On Monday, March 17, 2014 3:43 AM, fx MA XIAOJUN <xiaojun...@fujixerox.co.jp>
wrote:
Thank you for your quick reply.
As to -km, I thought it was log10, instead of ln. I was wrong...
This time I set -km 140000 and run mahout streamingkmeans again.(CDH 5.0 Mrv1,
Mahout 0.8)
The maps run faster than before, but the reduce was still stuck at 76% for ever.
>> This has been my experience too both with 0.8 and 0.9.
So, I uninstalled mahout 0.8, and installed mahout 0.9 in order to use -rskm
option.
Mahout kmeans can be executed properly, so I think the installation of mahout
0.9 is successful.
>> What do u mean by this? kmeans hasn't changed between 0.8 and 0.9. Did u
>> mean Streaming KMeans here?
However, when executing mahout streamingkmeans, I got errors as following.
Hadoop I installed is cdh5-beta1-mapreduce version 1.

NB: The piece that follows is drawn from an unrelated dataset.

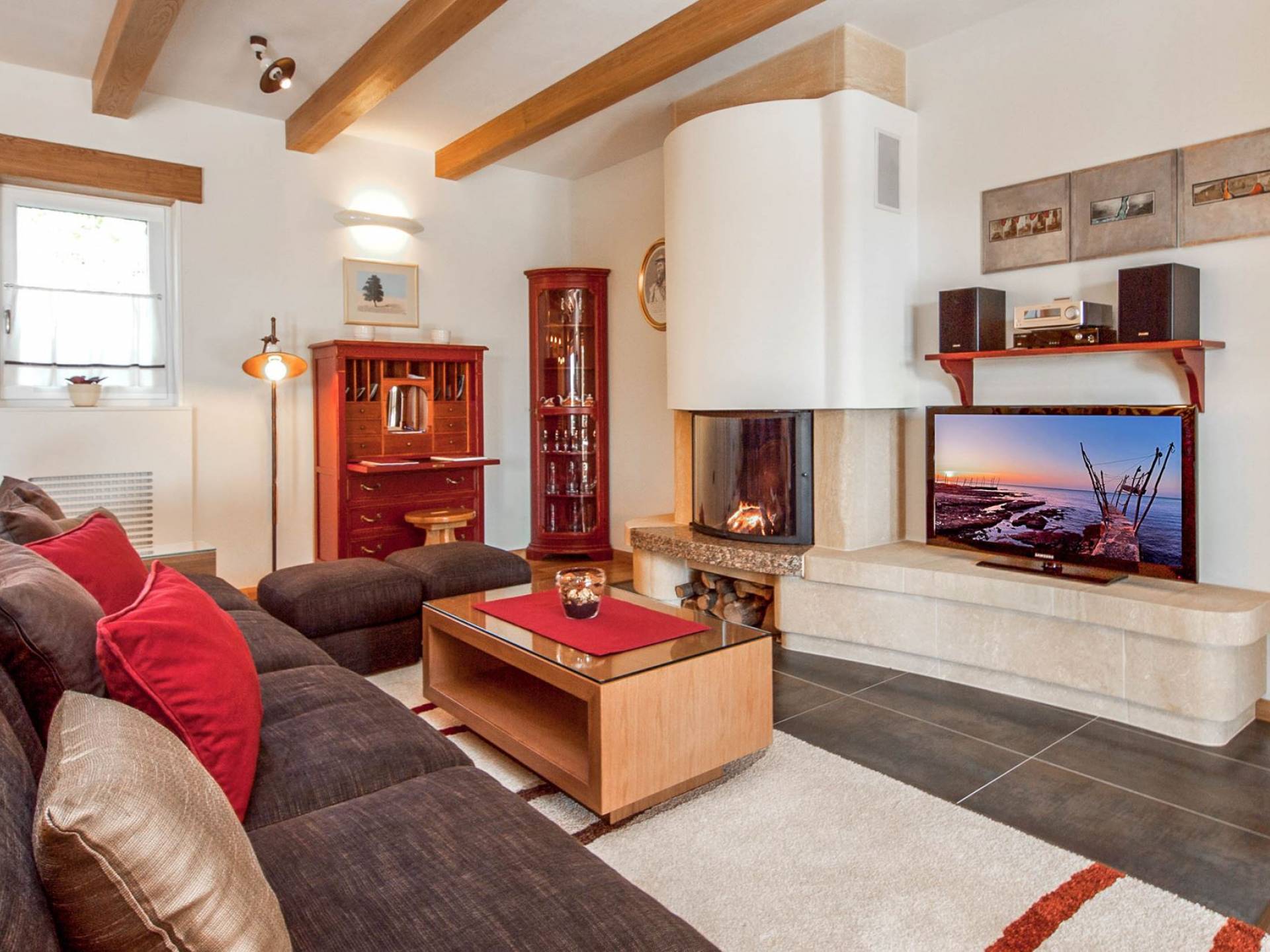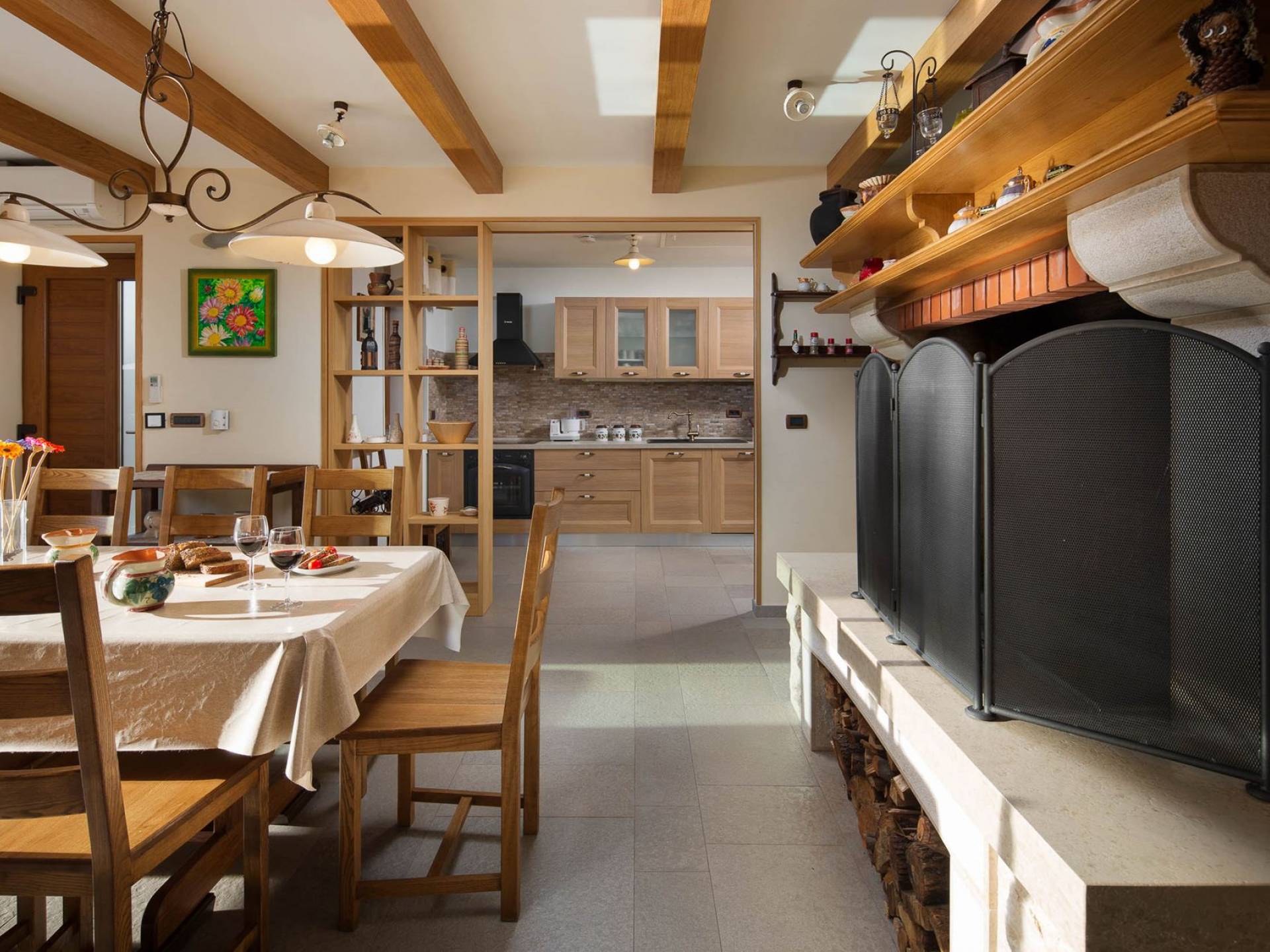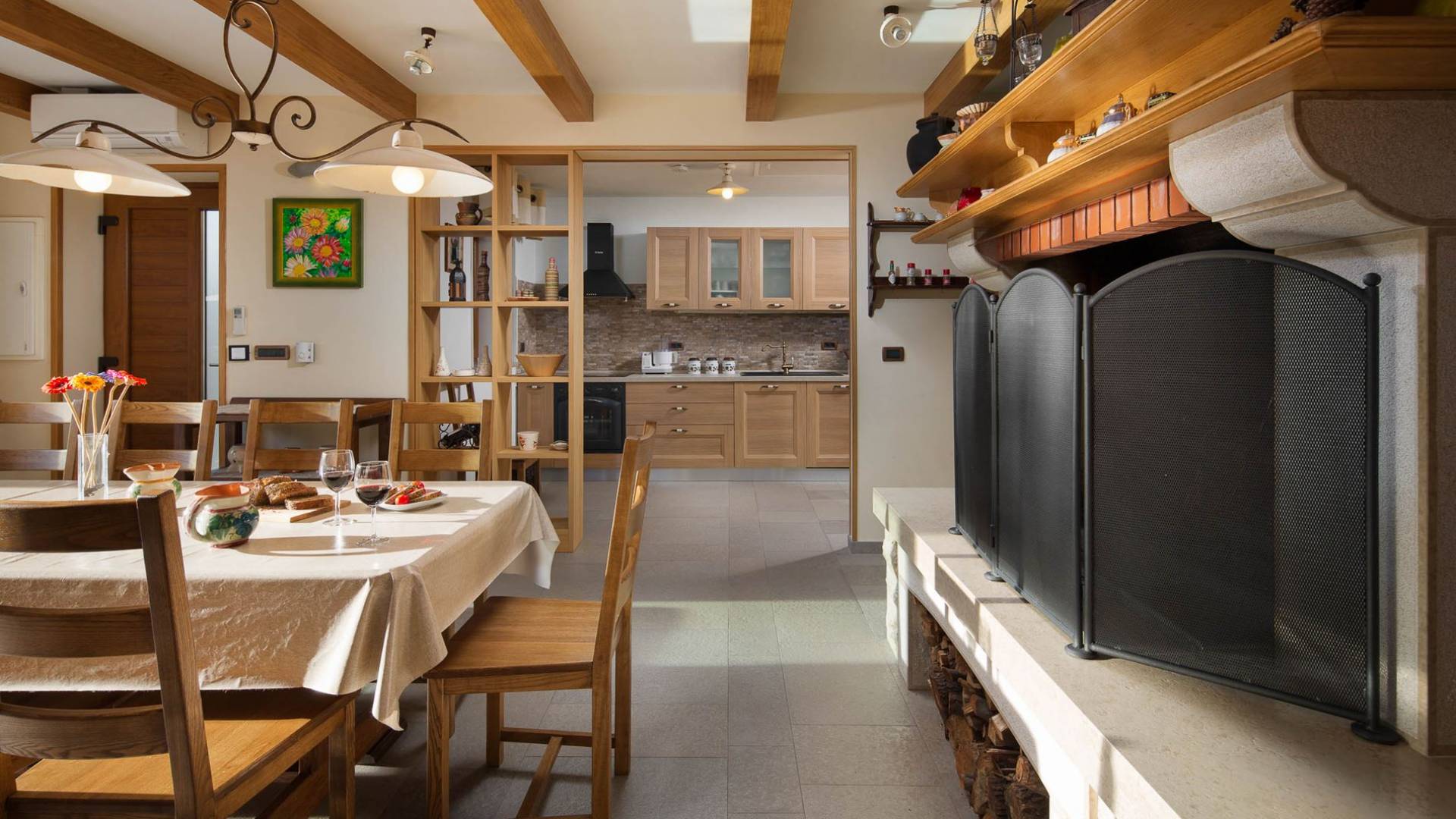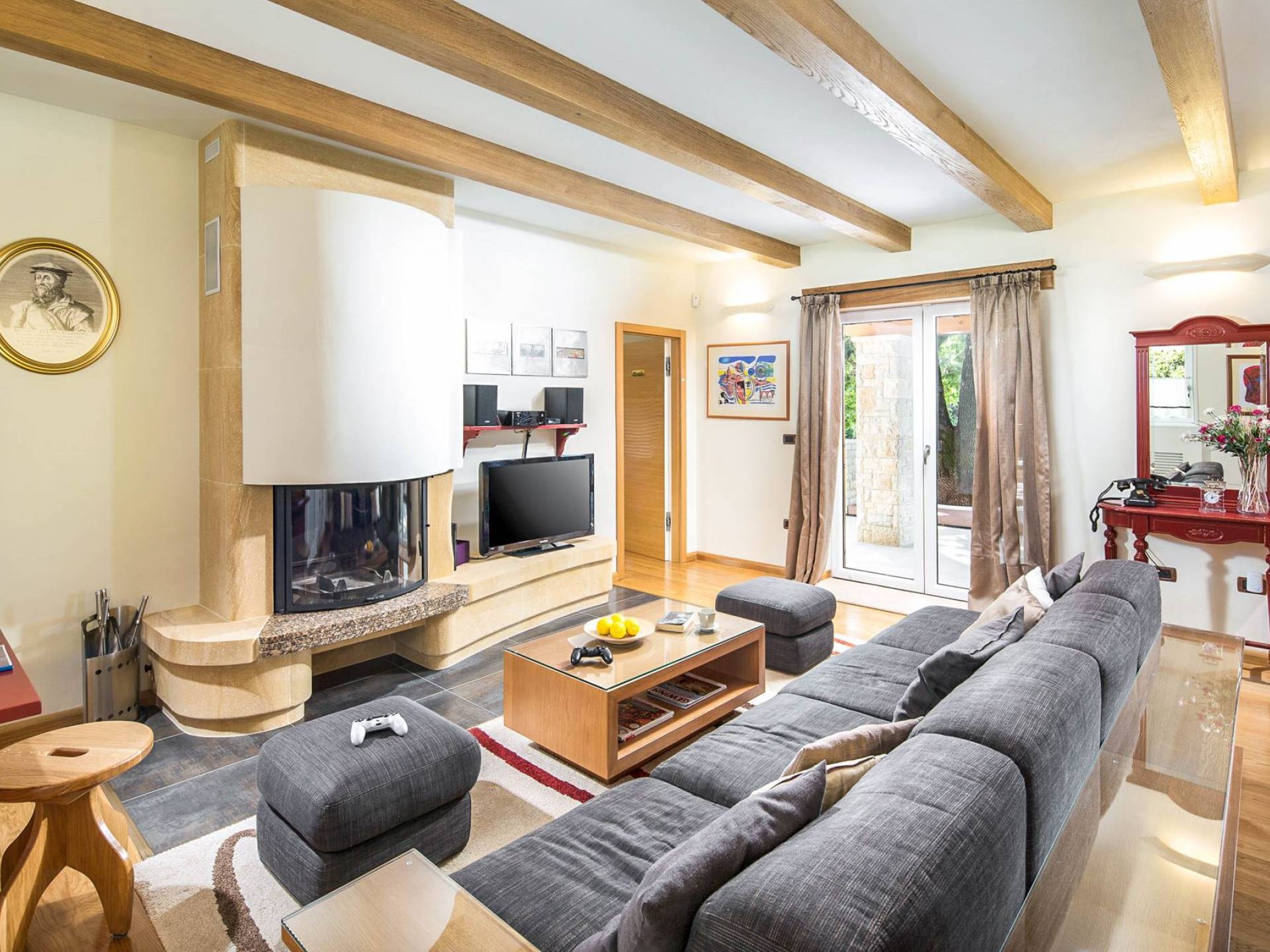 La parte de diario, que se caracteriza por la limpieza de líneas, la sencillez y la modernidad, está situada junto a una gran chimenea de piedra moderna, pensada para relajarse con un libro, el fuego de la chimenea, ver la televisión o películas en DVD y escuchar a la música La sala de estar fue refinada por obras de pintores de la academia local que confirman la auténtica historia de Labin, un lugar donde muchos artistas buscaron refugio e inspiración.

----------------------------------------------------------------------------------------
Exception in thread "main" java.lang.IncompatibleClassChangeError: Found
interface org.apache.hadoop.mapreduce.JobContext, but class was expected
at org.apache.mahout.common.HadoopUtil.getCustomJobName(HadoopUtil.java:174)
at
org.apache.mahout.clustering.streaming.mapreduce.StreamingKMeansDriver.runMapReduce(StreamingKMeansDriver.java:464)
at
org.apache.mahout.clustering.streaming.mapreduce.StreamingKMeansDriver.run(StreamingKMeansDriver.java:419)
at
org.apache.mahout.clustering.streaming.mapreduce.StreamingKMeansDriver.run(StreamingKMeansDriver.java:240)
at org.apache.hadoop.util.ToolRunner.run(ToolRunner.java:70)
at org.apache.hadoop.util.ToolRunner.run(ToolRunner.java:84)
at
org.apache.mahout.clustering.streaming.mapreduce.StreamingKMeansDriver.main(StreamingKMeansDriver.java:491)
at sun.reflect.NativeMethodAccessorImpl.invoke0(Native Method)
at
sun.reflect.NativeMethodAccessorImpl.invoke(NativeMethodAccessorImpl.java:57)
at
sun.reflect.DelegatingMethodAccessorImpl.invoke(DelegatingMethodAccessorImpl.java:43)
at java.lang.reflect.Method.invoke(Method.java:606)
at
org.apache.hadoop.util.ProgramDriver$ProgramDescription.invoke(ProgramDriver.java:72)
at org.apache.hadoop.util.ProgramDriver.run(ProgramDriver.java:144)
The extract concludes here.